Publication information
- Publisher: DC Comics
- First appearance: Doom Patrol #121 (October 1968)
- Created by: Bruno Premiani Murray Boltinoff

In-story information
- Notable aliases: Captain Zahl
- Abilities: Military training

= General Zahl =

General Zahl is a fictional character who appears in American comic books published by DC Comics. Initially known as Captain Zahl, he is a former German Navy officer and enemy of the Doom Patrol.

==Publication history==
General Zahl first appeared in Doom Patrol #121 (October 1968), and was created by Bruno Premiani and Murray Boltinoff.

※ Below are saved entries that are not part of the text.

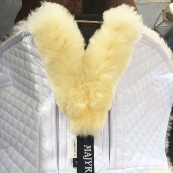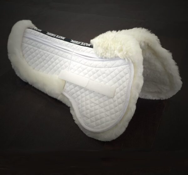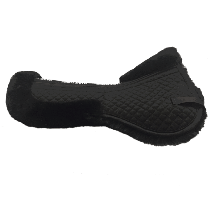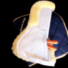 Majyk Equipe ‘Ergonomics’ Correction Fleece Half Pad with Impact Protection Shims provides the ultimate combination of comfort and technology. Constructed from a high-loft, dense 1 1/4″ long 100% Australian fleece with lightweight fabric (most pads have a less dense fleece), the Majyk Equipe half pad is fully quilted and combines natural cushioning and moisture wicking qualities of sheepskin with ultimate impact protection. The pad features unique Split Wither Relief technology to relieve pressure across the withers and Spine Relief along the underside of the pad. The pad has two front and rear pockets along the spine, Pockets can be used to make a total of 24 unique saddle fit adjustments. Shims are inserted from the top, not bottom, ensuring the shims sit securely in pocket. The shims are made of a lightweight and customizable impact protection material, which limits force of impact through the saddle in both directions: Direction 1) force of impact into the horses’ back from the rider’s weight and movements, Direction 2) force of impact traveling up from the horse’s back through into the riders lower back and spine. This makes for a comfortable ride for both horse and rider. Shims can be trimmed and alternated in different thicknesses as needed with the horse’s development.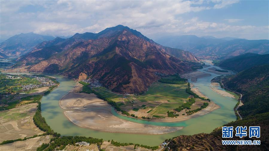 這是無人機(jī)拍攝的“長江第一灣”(3月17日攝)?!伴L江第一灣”位于云南省麗江市玉龍納西族自治縣石鼓鎮(zhèn),萬里長江從青藏高原奔騰而下,與瀾滄江、怒江一起在橫斷山脈的高山深谷中穿行形成并流的壯麗景觀。金沙江在麗江石鼓鎮(zhèn)突然以急轉(zhuǎn)彎轉(zhuǎn)向東北,形成一個(gè)宛若“V”字形的大轉(zhuǎn)彎,得名“長江第一灣”。春日里,“長江第一灣”江水青碧,美景迷人。 新華社記者胡超攝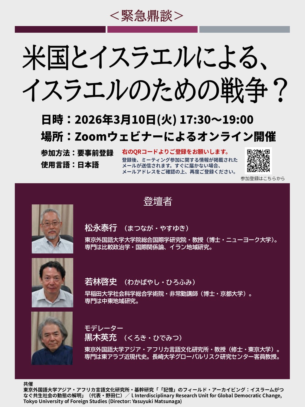 ・Interdisciplinary Research Unit for Global Democratic Change, Tokyo University of Foreign Studies (Director: Yasuyuki Matsunaga)

==Fictional character biography==
During World War II, Captain Zahl was an officer in the German Navy and commanded a U-boat. As a U-boat captain, Zahl was ruthless and effective, achieving the highest kill number of any commander in the German fleet. After his boat was sank by bombs developed by Niles Caulder, Zahl was crippled and forced to wear a neck brace.

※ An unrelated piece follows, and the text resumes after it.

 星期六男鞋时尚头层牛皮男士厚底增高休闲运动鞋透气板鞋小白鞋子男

After the end of World War II, Zahl works as a mercenary until a conflict with the Doom Patrol forces him to retire. Zahl (now calling himself "General Zahl") assists Madame Rouge in battling the Doom Patrol, who sacrifice themselves to save the village of Codsville.

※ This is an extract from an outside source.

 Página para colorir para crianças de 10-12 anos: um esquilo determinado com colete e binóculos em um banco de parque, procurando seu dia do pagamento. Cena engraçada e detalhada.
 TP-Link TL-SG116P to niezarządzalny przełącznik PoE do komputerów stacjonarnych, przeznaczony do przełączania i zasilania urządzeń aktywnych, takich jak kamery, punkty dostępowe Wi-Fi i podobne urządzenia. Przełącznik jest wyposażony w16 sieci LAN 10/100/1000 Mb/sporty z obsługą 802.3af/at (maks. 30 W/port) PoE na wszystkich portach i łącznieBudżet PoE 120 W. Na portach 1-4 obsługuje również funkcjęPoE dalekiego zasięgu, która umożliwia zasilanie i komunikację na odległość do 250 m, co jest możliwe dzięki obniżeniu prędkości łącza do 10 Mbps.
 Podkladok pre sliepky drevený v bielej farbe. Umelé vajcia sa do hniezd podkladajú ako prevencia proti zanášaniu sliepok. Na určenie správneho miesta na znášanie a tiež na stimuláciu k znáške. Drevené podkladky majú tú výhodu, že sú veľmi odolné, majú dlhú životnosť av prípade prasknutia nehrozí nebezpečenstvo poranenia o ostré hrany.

Years later, the Teen Titans, together with Robotman, track down Zahl and Rouge during their attempted takeover of Zandia. With the help of Changeling, the Titans put a stop to the villains' plans. Zahl fires at Robotman, but is killed after the bullets bounce off Robotman and strike him.

==Powers and abilities==
Despite possessing no superhuman abilities, Zahl is a skilled military commander.

==In other media==
General Zahl appears in the Batman: The Brave and the Bold episode "The Last Patrol!", voiced by Corey Burton. This version caused the Doom Patrol to disband and retire years prior after they failed to stop him from killing a hostage.